Elizabeth Juma, a research scientist with the Kenya Medical Research Institute, said malaria remains a major health problem there and is the biggest cause of death for children under 5. It’s widespread in the nation’s agricultural areas, making it an issue in agricultural production. Juma said she decided to attend the session to understand how the goal of elimination in Kenya would affect ongoing control efforts.
“The global goals have changed,” Juma said. “We now have to think of malaria elimination. [I decided to attend] to just find out … what should we do about a country such as ours, where this has been attempted in the past, and how best can we think about the endgame, which is elimination.”
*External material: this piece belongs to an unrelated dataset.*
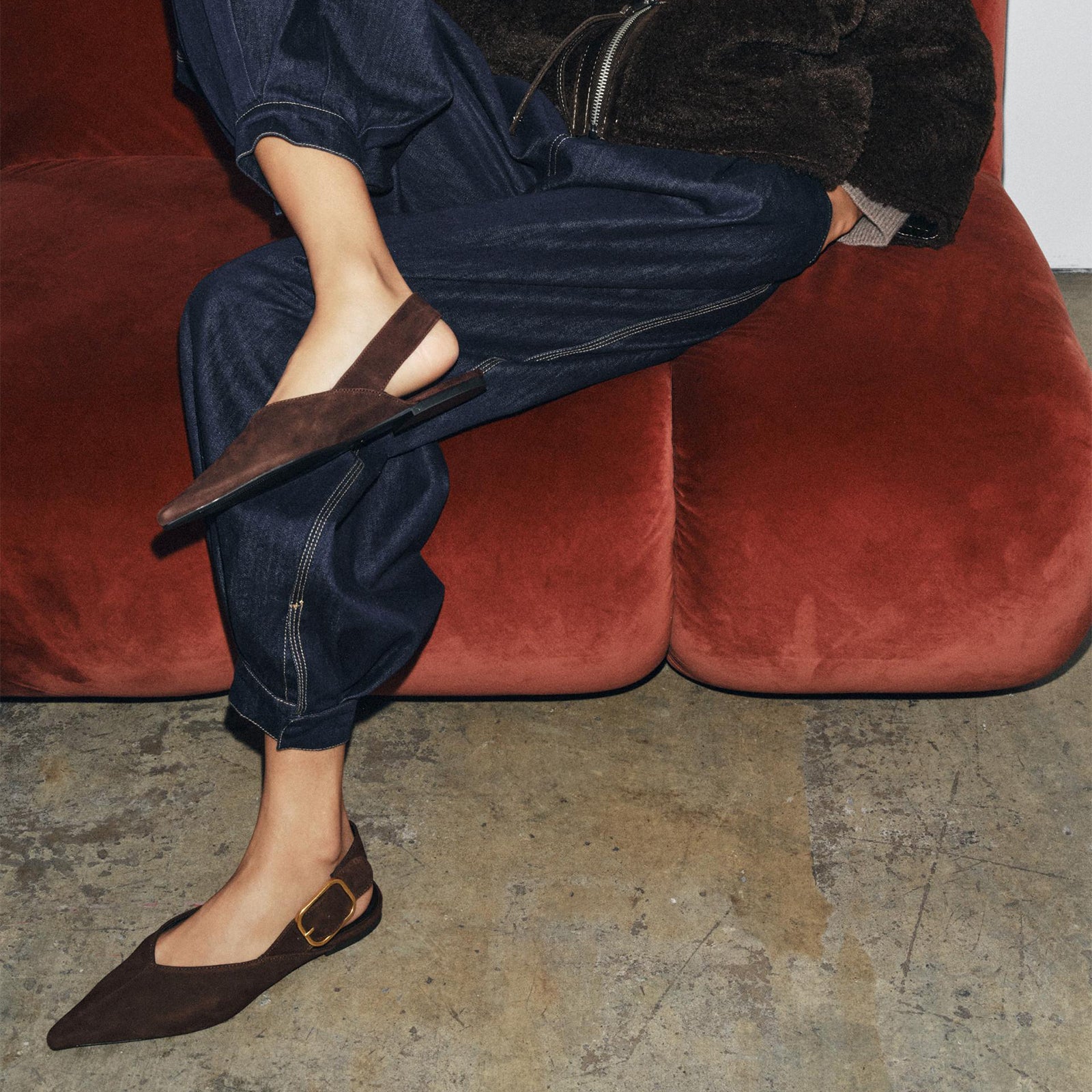 Chocolate Faux Suede Pointed-Toe Slingback Buckle Flats.

Ndukwe Ukoha, a malaria specialist for the Health and Strategy Delivery Foundation, a Nigerian nonprofit that provides technical assistance to the government on health issues, said malaria is also a major public health concern in Nigeria. As Africa’s most populous country, with 184 million people, efforts to reduce malaria there will have an impact on the global disease burden, Ukoha said.
“We are presently controlling malaria in Nigeria, [but] we also need to look at new ways of doing things, new ways of developing more effective tools, because … presently there are issues around resistance and also health system issues,” Ukoha said. “So this kind of forum provides an avenue to talk about these, and even learn from countries where they have successfully achieved high success.”